Solo's Netbook bag is compact, comfortable, and TSA-approved, which means you can zip through airport security without removing your laptop from the bag. While it's a well-crafted Netbook bag, I must back up and question the very idea of a Netbook bag. I thought the appeal of a Netbook was that it was so small and lightweight that you could toss into your backpack or briefcase or regular carry-on bag and hardly know it's there, nestled among your essential travel items. Because with a Netbook stashed in one side of this Solo bag and a power adapter stuffed in the other, you have little room left; nothing more than a cell phone, iPod, and thin stack of business cards will fit. If you have arrived at the conclusion that you need a dedicated travel bag to protect your Netbook, the $45 bag will do a fine job of it. Otherwise, you're better off buying a bag for your primary laptop--Netbooks are best used as second systems--and having the Netbook piggyback on that or go it alone.

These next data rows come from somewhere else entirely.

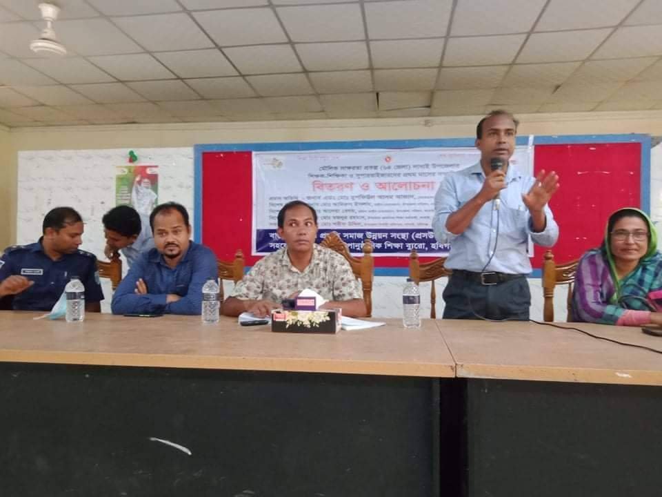 লাখাইয়ে মৌলিক স্বাক্ষরতা প্রকল্পের সম্মানী ভাতা বিতরন ও আলোচনা সভা অনুষ্টিত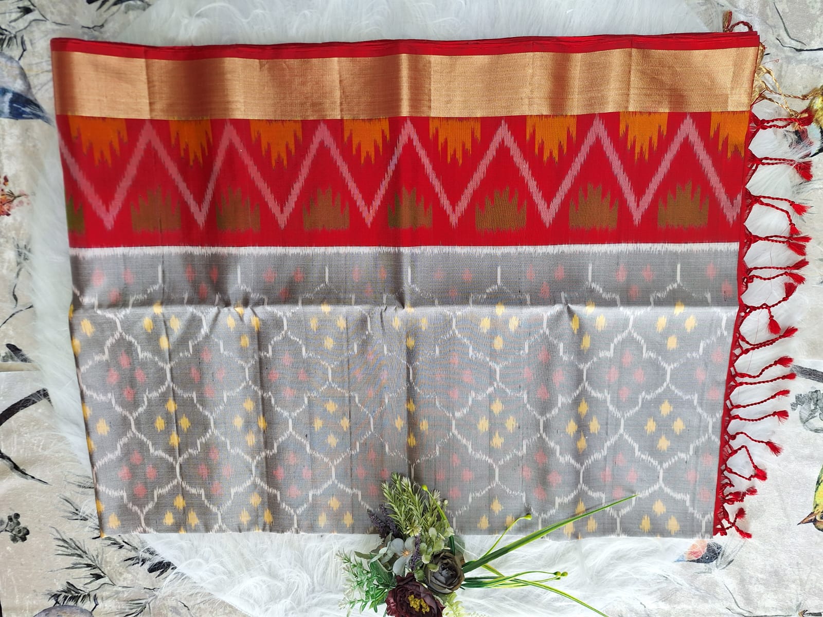 DESCRIPTION - Radiate regal charm in this rich grey & red Ikat saree combination adorned with delicate floral weaves and bold gold zari. Golden borders and tassels complete the drape with a touch of festive brilliance, a complete elegant piece. Complete handwoven saree. Ideal for all sorts of wedding celebrations, poojas, parties, formal & informal gatherings and traditional events.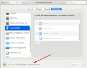 - Vamos al apartado de Accesibilidad y habilitamos programa de acceso remoto que usemos.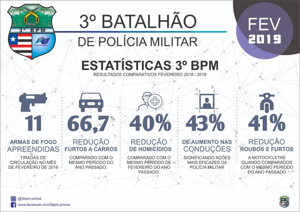O mês de fevereiro de 2019 registrou o menor número de homicídios dos últimos anos em Imperatriz. Foram apenas dois homicídios por arma de fogo na área do 3º Batalhão de Polícia Militar, representando uma redução de 40% se comparado a fevereiro de 2018.

While CNET editor and podcaster Jeff Bakalar said the Solo reminded him of his man purse, I think it more closely resembles a camera or camcorder bag. It measures roughly 8 inches tall by 11 inches wide by 5 inches deep. It's made of a tough, Samsonite-like material that feels like it'll withstand regular travel abuse. The bag is black with subtle green highlights. A detachable, adjustable shoulder strap is included, though given its compact dimensions, we think you're more likely to simple carry the bag by its comfortable, padded handle.
The Transportation Security Administration's new laptop-bag guidelines suggest a butterfly, trifold, or sleeve-style case that keeps your laptop separate from other travel detritus so that a security screener can get a good look at it as it goes through the X-ray. The Solo bag features two separate compartments. When you unclip the front buckle, you can remove a Velcro strap on the bottom to free the bottom half of the buckle strap from the front compartment, which allows you to butterfly the bag open. In this position, you can lay the bag flat on the X-ray belt, with the laptop in one compartment by itself. I traveled through LaGuardia checkpoint security with the bag and the Averatec Buddy without incident.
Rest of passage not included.